There’s A Monster Under The Bed!

I’ve given up trying to understand the anti-vaccine crazies. The arguments they pose are nonsensical: “I don’t know what’s in them!” (They don’t know what’s in the hot dogs they eat, among a million other things.) “There’s a chip inserted by Bill Gates!” (Yes, it’s in the cell phone you cheerfully carry!) “My friend’s brother got diabetes after getting his shot!” (“After this, therefore because of this” is one of the oldest logical fallacies…). And don’t even get me started on the claims that requiring sensible public health measures violates the Constitution– people who insist government can require a woman to carry a pregnancy to term while arguing that government lacks authority to require people to get vaccinated, are beyond the reach of reason.)

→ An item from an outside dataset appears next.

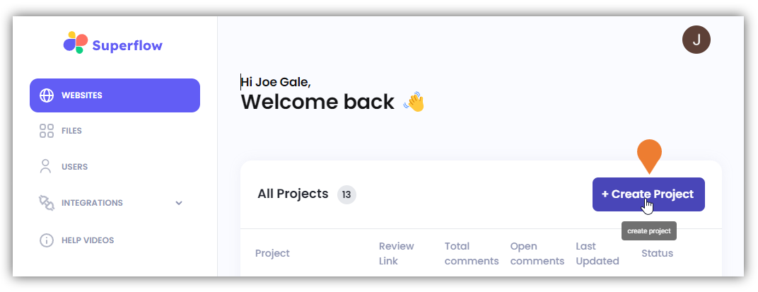 In this article, you will learn how to create a new project from the Superflow Dashboard. Access the Superflow Dashboard by going to app.usesuperflow.com. Alternatively, when you are in Review Mode, you can use the method below:- Find the Superflow Toolbar and click the More Options icon.

Logic and reason, clearly, have nothing to do with it. 

I was recently sharing my frustration with the young woman who cuts my hair, who told me that her sister– a nurse in a local hospital –is equally frustrated. And angry. According to her sister, the hospital is coping with overflow conditions caused almost entirely by unvaccinated people, and they are not just sick, but unpleasant and irrational. A large number of them refuse to believe they have Covid, insisting that it must be something else, because Covid is a hoax. 

In fact, she said, her sister has characterized these patients as “big babies,” who are making the job of tending to them considerably more difficult than it needs to be.

Evidently, those “big babies” are convinced that vaccines are the monsters hiding under their beds…

What is interesting–if maddening–is that this irrational behavior is largely occurring on the political right (although left-wingers who see conspiracies where the rest of us see human complexity also subscribe.)  A recent article from The Week suggests a reason for those statistics showing that Republicans are dying at far greater rates than Democrats.

The article recounted several recent speeches by rightwing ideologues, and summarized the worldview common to them:

The right believes that the progressive left hates America; that it is an evil totalitarian cult which has infiltrated every institution; and that it is using a mix of business, bullying, and technological surveillance to deconstruct both masculinity and the United States as a whole in order to create a world without belonging.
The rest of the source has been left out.